Muitas já recorreram a inúmeras cirurgias plásticas.
            Os homens conheciam o macete, mas não adivinhavam o quanto o tempo as enchera de varizes, estrias, rugas, gorduras na barriga e flacidez dos seios.

            No primeiro baile que fui meu modo de vestir e agir eram destoantes; parecia uma caipira assustada, insegura e com total falta de jeito.
            Minhas amigas foram conseguindo parceiros para dançar. Quanto mais depressa fossem convidadas, mais admiração e inveja causavam.

            As mais populares naquele ambiente procuraram ajudar-me pedindo aos velhos conhecidos que me levassem para a pista.  Mais tarde descobri que estavam sendo generosas, pois a competição era acirrada.
            Entre uma dança e outra, tomamos diferentes tipos de drinques.

            Um homem com quem dancei, acompanhou-me até a mesa e falou sobre os seus netos. Senti-me finalmente no meu mundo. Respondi mais que depressa: “Eu tenho cinco: uma menina e quatro meninos.
            Imediatamente senti um baita  pontapé, sob a mesa. Assustada, olhei para a companheira que estava na minha frente e ela me devolveu um olhar severo e um balançar de cabeça. Não demorou muito, chegou perto de mim e esbravejou: “Você esta doida? Na noite não se tem filho e muito menos, netos. Onde já se viu tanta burrice? Parece a Poliana!
            Não sei onde ela viu semelhança, entre mim e a menina otimista do romance de nossa infância.

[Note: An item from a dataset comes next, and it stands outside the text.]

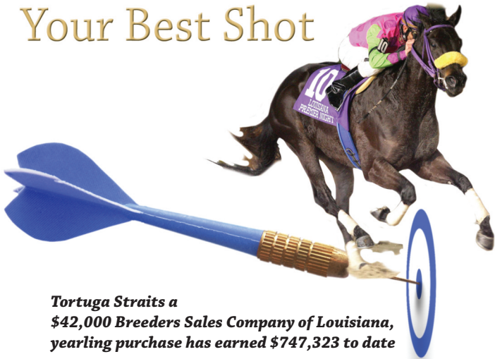
Tortuga Straits a $42,000 Breeders Sales Company of Louisiana, yearling purchase has earned $747,323 to date

Louisiana breeders have continually been upgrading their stock. Yearlings offered in this sale have top notch pedigrees. Plus the majority of yearlings here are Louisiana-bred with the extra advantage of purse supplements, and over $5.5 million in Louisiana-bred stakes races run in 2010 alone.

            Assim, tive a primeira lição sobre a noite, num salão de baile: as mulheres não têm família. Aos homens é permitido falar nas esposas que ficaram em casa, nos filhos e netos e até nas mulheres que já passaram por suas vidas.
            Descobri também homens de variados tipos e personalidades interessantíssimas.
            Conheci alguns, sem dinheiro, que viviam em quartos alugados; os aposentados de bancos ou militares eram considerados bons partidos e ao menos dividiam as contas. Outros comiam e bebiam, depois saiam de fininho, deixando a dívida para a incauta que teve a gentileza de convidá-lo, ou aceitar sua companhia.
            Alguns casados outros procurando companheiras para encostarem-se em suas casas.
            Os que sabem rodopiar e rebolar no salão, com passos coreográficos, têm grande cartaz.
          Na maioria das vezes trabalham em escolas de dança, são corretores de imóveis ou vendem carros. Freqüentam essas festas até especialistas como bombeiros e eletricistas.

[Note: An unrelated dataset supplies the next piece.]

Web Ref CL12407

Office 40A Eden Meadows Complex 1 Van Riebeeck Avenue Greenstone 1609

            Divertem-se toda a noite, depois convidam a mulher para ir à suas casas – quando as tem – ou se insinuam para ir ao apartamento delas.  E para preencher o vazio de suas camas, contentes, elas pagam as contas e os taxis, quando não têm carro.
            Na festa seguinte, aqueles mesmos homens com quem dormiram apenas as cumprimentam indiferentes ou até fingem não as conhecerem.

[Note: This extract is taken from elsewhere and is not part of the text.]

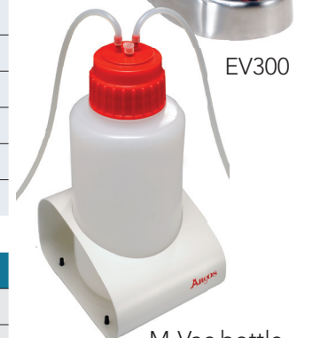
M-Vac bottle and stand sold separately

            Existem também os românticos, que se dizem apaixonados à primeira vista e, propõem um relacionamento firme, ao perceberem que a mulher pode oferecer vantagens materiais.

            Numa conversa longa e séria com um desses homens, percebi total desprezo por “essas mulheres que vivem na noite”. E eu perguntei: “com quem vocês dançariam, conversariam ou iriam para a cama, se elas não existissem?”

            Alguns romances podem acontecer entre as pessoas do Single Club, mas são raríssimos.

            Aqueles que estão em busca de companhia, desconfiam daqueles que são encontrados no lugar adequado.